Friedman serves on the National Flute Association's Historical Flutes Committee, and has also been a judge/guest artist for the American Musicological Society, San Francisco Conservatory, and the Flute Society of Greater Philadelphia.
She received her Master of Music from Boston University and holds a Doctor of Music from Indiana University. Currently, Friedman is on the faculties of Drexel, Temple, and Rowan Universities, and spends each summer performing and teaching at the Summerkeys festival in Maine.
Guillaume Combet, Violin
Guillaume Combet, an internationally acclaimed violinist, has been heralded in his most recent recording for his “perfect technique, fidelity to the music, and impeccable articulation." Recorded in London at the Menuhin Hall and released by SOMM Recordings in 2021, the Carlock-Combet Duo's Romantic Violin Sonatas received a 5-star review by the French magazine Classica citing their “constant insights from beginning to end…their generous and rich colour palette" and Mr. Combet's “rich, captivating sound."

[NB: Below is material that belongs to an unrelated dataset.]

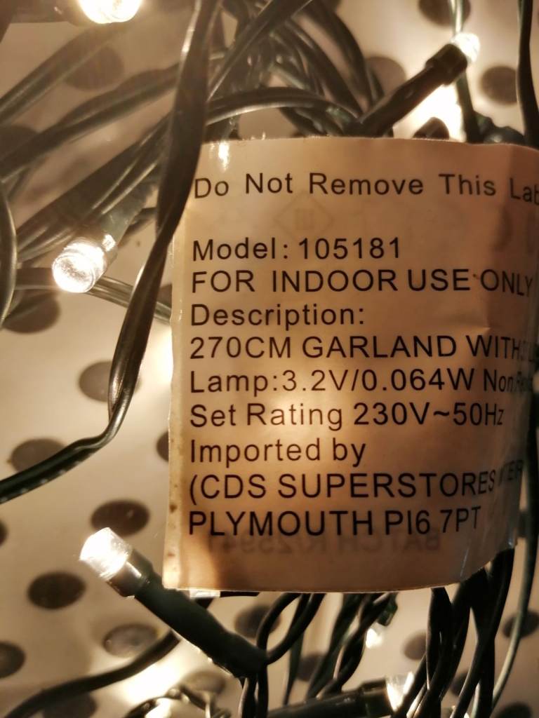270cm length. Imported by CDS Superstore Plymouth, safety label attached.

In addition to his work with the Carlock-Combet Duo, Mr. Combet has devoted himself to orchestral playing, chamber music, and pedagogy. He has performed with numerous orchestras and chamber ensembles in Paris, Chicago and Philadelphia— Orchestra de l'Opéra de Paris Bastille, Les Virtuoses de France, Lyric Opera of Chicago, Chicago Symphony Orchestra, Chicago Civic Orchestra as concertmaster under Barenboim and Boulez, Network for New Music, Opera Philadelphia, Chamber Orchestra of Philadelphia, Philly Pops, Academy of Vocal Arts, Black Pearl Chamber Orchestra, New Music Delaware, and Pennsylvania Ballet. As a pedagogue, Mr. Combet is an Associate Professor at the University of Delaware and currently teaches at Temple University Music Preparatory Division.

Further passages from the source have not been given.